In Nietzsche’s words, reactionary demands for a global ban on pornography prove above all that those making these demands have themselves drunk deeply from the cup of Christian poison (see BGE 168, “Christianity gave Eros poison to drink. . . .”). Anyone wise on the CQ and committed to the revaluation of values should thus reject such reactionary demands.

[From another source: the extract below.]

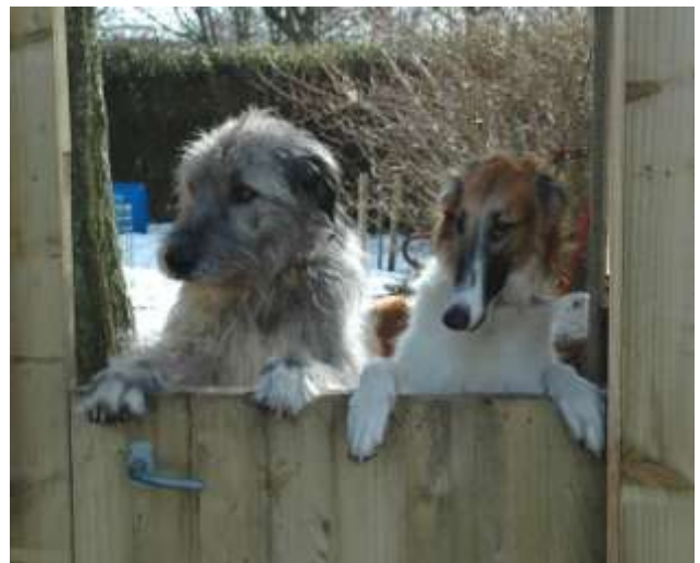
Box-Head and Beauty at the gate.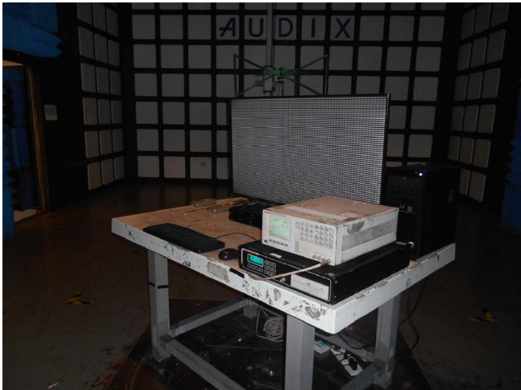
SETUP WITH MAXIMUM DETECTED EMISSION AT HORIZONTAL POLARIZATION (TEST MODE: HDMI 1920*1080@60Hz & 1KHz PLAYING)

Perhaps you missed Yockey’s point, linked in my featured post:
See the context here.
That might be so, but right now I do not see how I am supposed to have “missed” said point? For, in consequence, how does the demand for a global ban on pornography (which would include present “porn” as well as any other sexually suggestive material) not uphold and/or stem from the Christian moralism of “Eroticism as vice, the cult of immorality?”
As Nietzsche said in Twilight of the Idols, “It was only Christianity which, with its fundamental resentment against life, made something impure out of sexuality: it flung filth at the very basis, the very first condition of our life” (Things I Owe to the Ancients 4). Thus, banning any depiction of the very first condition of our life can only be justified under (neo-)Christian morality (and, in fact, can be derived directly from it).
If this very first condition was not devalued as “filty,” “sinful”, or “immoral,” but revalued positively, then a ban on its depiction would not merely be unjustified but antithetical to the very aim of re-sanctifying “Eroticism as legitimate source of joy and fertility!”
The problem, then, is not (pace Gaedhal et al.) “pornography” (= sexually suggestive material) as such, but that it is currently a tool in the hands of our mortal enemies, enriching them while at the same time delegitimating our source of joy and fertility (by making it appear “filthy,” “ugly,” and “sterile” in line with Christian preconditioning). As I pointed out above, a global ban would mean to fall into Paul’s original trap once again—by bringing us to (inadvertently) fill up our source of joy and fertility and thereby forego the necessary revaluation of its value!
I wonder if you’ve read what William Pierce says about the Republican Romans in Who We Are or what Eduardo Velasco says about the Spartans?
In both cases, it’s clear that pre-Christians, before they miscegenated in decadent times, were Puritans precisely because of what Yockey says: you have to procreate (instead, modern-day pornography doesn’t encourage Aryans to have children).